There are at least five reasons your LLC needs an operating agreement. Actually, there are more than 5 reasons to have an operating agreement in place, but the top 5 reasons described below are strong incentives to make sure that your LLC and its members have the protection of an operating agreement.
An operating agreement is a document signed by the members of a limited liability company (an LLC) that establishes the “rules” for the operations of the LLC as well as the relationships between the owners (the “members”). Operating agreements are similar to thefor a corporation. Although LLCs in Washington state are not required to have an operating agreement, the lack of an operating agreement may have dire consequences for the LLC and its owner or owners. At the very least, to the extent that Washington law applies to specific issue with the LLC, that treatment may not be how the member or members of the LLC want the legal issue resolved.
Before we discuss the top 5 reasons why every LLC should have an operating agreement, perhaps the most important reason to have an operating agreement is to open a bank account. Most (if not all) banks will require that the LLC have a written operating agreement in place before they will open a bank account in the name of the LLC.
Here are the top five reasons why every LLC in Washington state should have an operating agreement:
The operating agreement defines and sets the expectations for who will manage the LLC and exactly how it will be managed. This is most important for an LLC that has multiple members. The operating agreement should specify whether the LLC will be “member managed” or “manager managed,” meaning whether it will be managed by the vote of the members or if a designated manager (who does not need to be a member) will manage the LLC. Most operating agreements will also specify what type of decisions can be made by an individual manager (minor, or day-to-day decisions) without the need for further approval of the members as a whole (major decisions).
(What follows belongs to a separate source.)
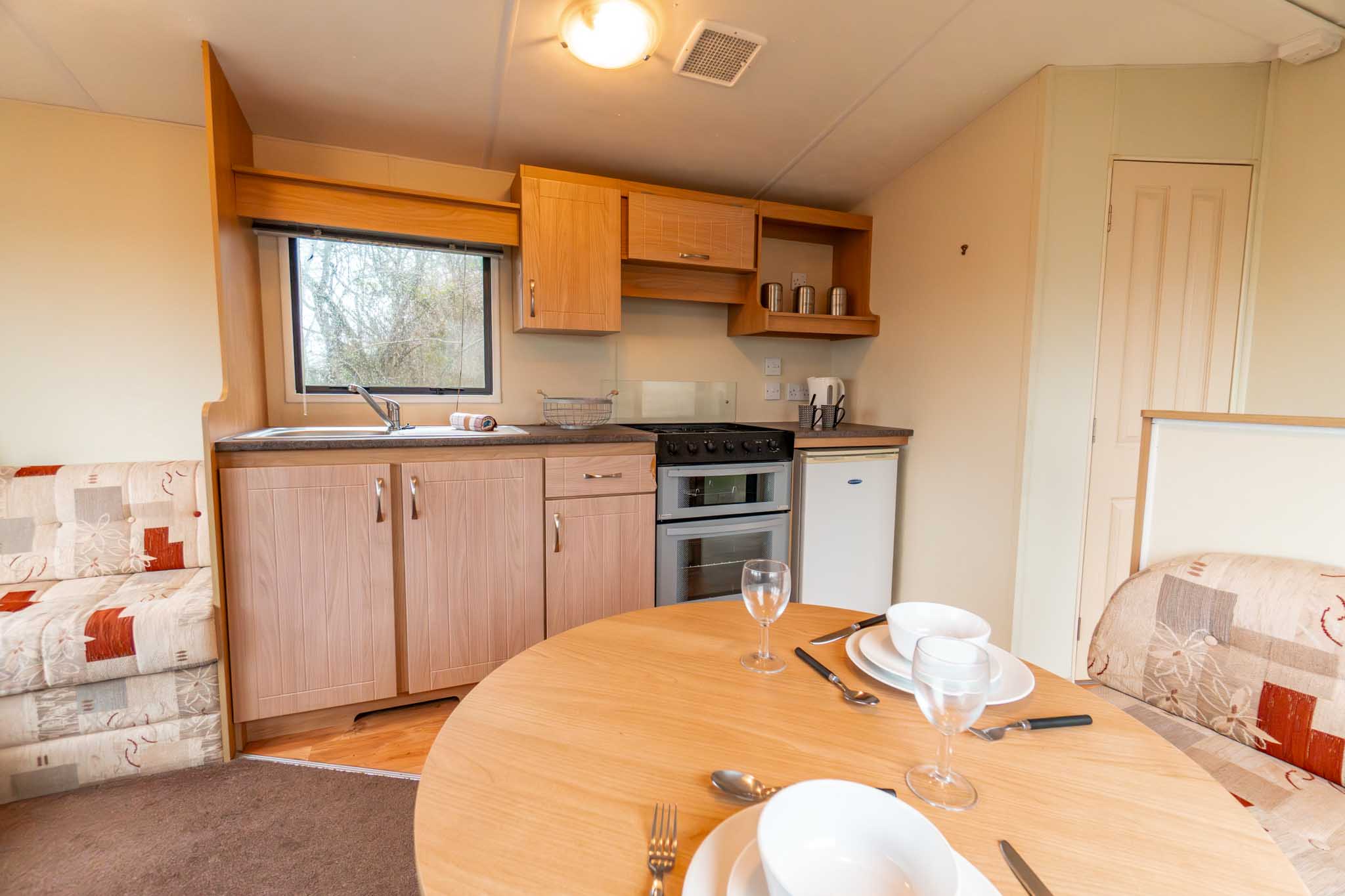 Perfect for couples or small families looking for comfortable, versatile holiday accommodation. Step inside to a bright and welcoming open-plan living space with comfortable seating, plenty of natural light and a practical layout that maximises every inch of space. The well-equipped kitchen offers good storage, worktop space and integrated appliances – ideal for preparing meals after a day enjoying the park.

An operating agreement can also provide a mechanism to resolve future management disputes.
Also, third parties dealing with the LLC will want to see an operating agreement that identifies who has the power to bind the LLC to contracts.
2. Death and Divorce.
Unfortunate things happen, and members of LLCs may die or get divorced during the life of the LLC. The operating agreement will describe the process for the winding down of the LLC in the event that its only member passes away, or how the surviving member can continue with the business of the LLC if so desired.
In the event that a member becomes divorced, the operating agreement can provide a process for resolution of the ex-spouses’s community property interest in the LLC membership interest (otherwise, the other member may have an unanticipated partner, the ex-spouse, who could end up with authority to participate in the management and affairs of the LLC).
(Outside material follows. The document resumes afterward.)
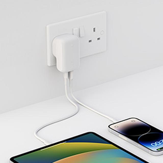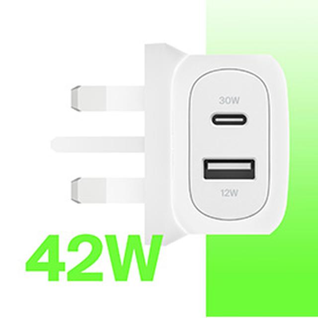 Keep your household happy and charge another device while you charge yours. Grab a fast charge for iPhone or Samsung with the 42W Dual Wall Charger. Dual ports include a 30W USB-C port and a 12W USB-A port.

3. Distribution of Profits and Losses.
Although not critically important for a single member LLC, for LLCs with multiple members it is very important that the allocation of profits and losses generated by the LLC be correctly specified, consistent with the expectations of the members as to how they will share profits and losses and consistent with the tax treatment of the LLC. If the LLC wants to be classified and taxed as a “Subchapter S” corporation, the profits and losses will have to be allocated in an equal (or pro rata) manner among the members. Failure to provide for the correct distribution of profits and losses given the tax treatment of the LLC can create serious and negative unintended consequences, including the potential for double-taxation of income.
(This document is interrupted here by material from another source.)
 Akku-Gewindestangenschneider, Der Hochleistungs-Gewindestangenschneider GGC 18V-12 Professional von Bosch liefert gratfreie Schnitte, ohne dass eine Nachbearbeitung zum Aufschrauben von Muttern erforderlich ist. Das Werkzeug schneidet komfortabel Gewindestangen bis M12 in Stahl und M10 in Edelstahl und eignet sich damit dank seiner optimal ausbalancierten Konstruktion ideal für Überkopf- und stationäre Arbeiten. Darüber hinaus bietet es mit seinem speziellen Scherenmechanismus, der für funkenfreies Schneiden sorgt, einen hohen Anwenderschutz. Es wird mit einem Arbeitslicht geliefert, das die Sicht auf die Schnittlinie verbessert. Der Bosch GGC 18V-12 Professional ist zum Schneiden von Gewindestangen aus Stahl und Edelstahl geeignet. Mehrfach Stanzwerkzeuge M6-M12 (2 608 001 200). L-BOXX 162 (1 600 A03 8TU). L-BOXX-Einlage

4. Protect Members and Managers from Liability.
During the life of a typical LLC, it will engage in dozens, hundreds or thousands of business transactions, each of which may give rise to potential liability. A properly drafted operating agreement will include “indemnification” provisions, which state that in the event a member or manager is sued with regard to business conducted on behalf of the LLC, then the LLC will step in and defend and hold harmless that member or manager. Although this is not required, it is highly recommended in order to protect and insulate individual member or manager’s assets from the business risks incurred by the LLC.
5. Restrict Transfers.
LLCs include characteristics of both corporations and partnerships. The shareholders of a large public corporation do not know each other and do not know each other a specific duty. The partners of a partnership, on the other hand, must specifically agree to be partners with each other and do owe each other certain duties. The stock in the corporation is freely transferrable while the partnership interests of a general partnership are not. In an LLC, the members must agree to be members with each other, but they may also sell their membership interests.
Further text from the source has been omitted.